脳天気に正義を振りかざす変身ヒーローの中で、幼い頃、両親を目の前で殺されるというトラウマをもつ BATMAN は、心に闇を抱えコウモリに魅せられ、悪という存在の根絶を誓う。如何にして、ブルース・ウェインが BATMAN になっていくのか?が描かれるのが、本作 『 BATMAN BEGINS 』 だ。
けっして超絶的な能力の持ち主=スーパーヒーローにしないという意味で、『 SPIDERMAN 』 でも見られるこの等身大のヒーロー像という人物描写は、この 『 BATMAN BEGINS 』 でも健在だ。如何にして BATMAN のスーツが作られるのか?如何にして BATMOBILE が登場するのか?といったエピソードがゴッサムシティの街並みと合わせて、過去のどの BATMAN シリーズよりも現実味を帯びたものになっている。( BATMAN のマスクの耳部分が中国の企業に外注に出しているというのには笑ってしまった ) だが、ブルース・ウェインが武者修行するヒマラヤ?麓に渡辺謙 率いる忍者集団?がいたりして、やってしまった感漂うこのシチュエーションに興味を削がれる冒頭30分だった・・・リーアム・ニーソン、またこんな役(武術指南役)かよ。
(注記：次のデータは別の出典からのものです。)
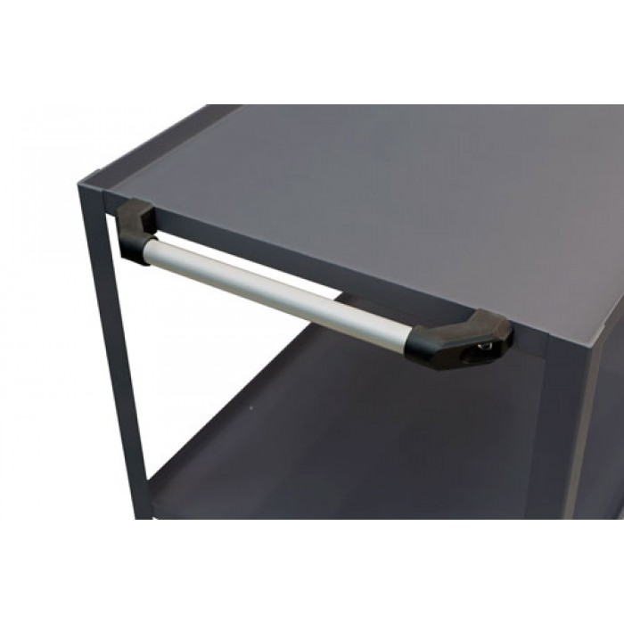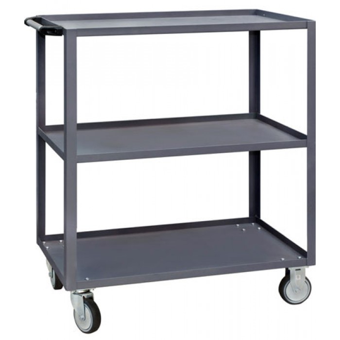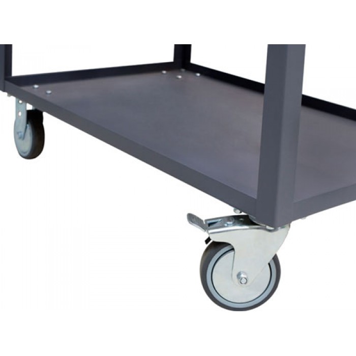 Зварна металева конструкція стійка до розхитування та деформації. Візок обладнаний трьома полицями з виступаючим кантом, що не дасть метизам загубитися в перевезенні, а рідинам – пролитися на підлогу. Вантажопідйомність полиць складає 60 кг, що є оптимальним для габаритного вантажу, який непросто транспортувати. Візок має висоту 900 мм і ширину 750 мм, він не займає багато місця, тому підходить навіть у невелику майстерню. Чотири колеса діаметром 100 мм (на одному присутнє гальмо) легко направляють візок по бетону, каменю та навіть землі без зайвих фізичних зусиль.

当初、空を飛べない BATMAN は、夜な夜な真っ黒なスーツに身を包み壁の配管をよじ登って、敵のアジト?を偵察する。ベランダに出てみたら、真っ黒いスーツにコスプレしたおっさんが、上の階の部屋を覗き見てるのは、変質者以外の何者でもないのだが・・・初期の BATMAN は、「 颯爽 」 という言葉とは程遠いのだった。
もともと、心に闇を抱えるダークヒーローというティム・バートン版 『 BATMAN 』 が結構好きだったこともあり・・・アクション面でいえば、『 SPIDERMAN 』 のビルからビルへと飛び回るスパイダーアクションの気持ちよさにも届かず、いささか期待はずれな出来だった。